屏幕里又过了一晚上,两人已经换了过来。
祁愿顶着张起灵的壳子准备洗漱,【张起灵】却猛地窜过来拉住她的手,交换之后头也不回地进了卫生间。
“哈哈哈哈!”王胖子拍着桌子狂笑,“小哥怕她用他的身体上厕所!这也太真实了!上次亲完都没害羞成这样,现在上个厕所倒害羞了!”
吴邪笑得眼泪都快出来了:“哈哈哈哈,本来没那么在意,现在越来越在意啊。

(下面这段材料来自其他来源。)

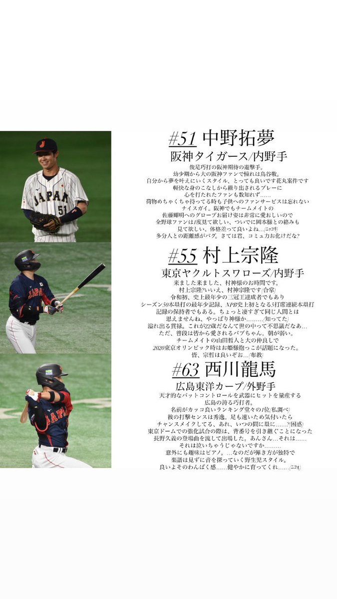 「一目で見てわかる!2020オリンピック侍ジャパン一覧」第2弾📝
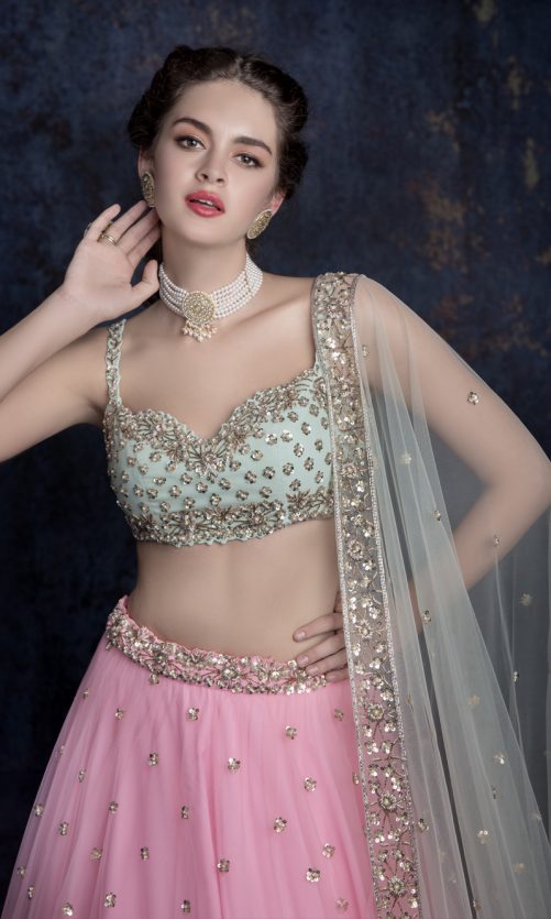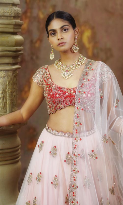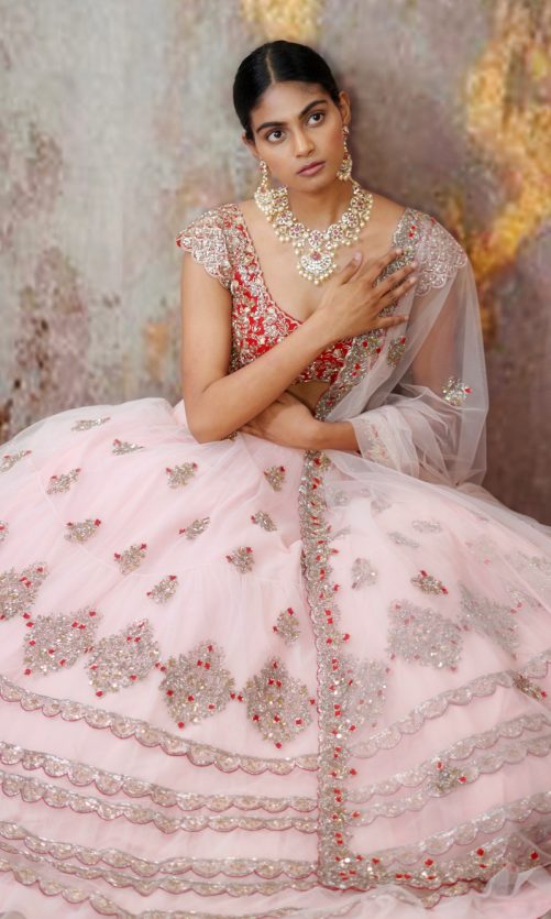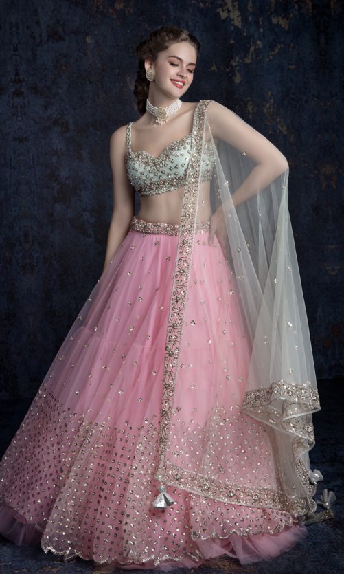 Select options This product has multiple variants. The options may be chosen on the product page Pastel Pink Lehenga Rs. 170,000

”
黑瞎子推了推墨镜,咧嘴笑道:“哑巴这反应速度,刚才窜过去那一下,比在墓里打粽子还快吧?”
屏幕上祁愿的声音充满了笑意:“这时候才来害羞,不觉得太晚了吗?之前这么多天,我都摸过多少次了?你的长/短我都知道得一清二楚。”
“闭嘴!”【张起灵】罕见的带了情绪。
解雨臣也忍不住笑了:“祁愿调侃他那几句话,可真是毫不留情。”
“卧槽!”王胖子整个人从椅子上弹起来,笑得直不起腰,“祁愿这张嘴啊!长/短都知道一清二楚?她是真的什么都敢说啊!”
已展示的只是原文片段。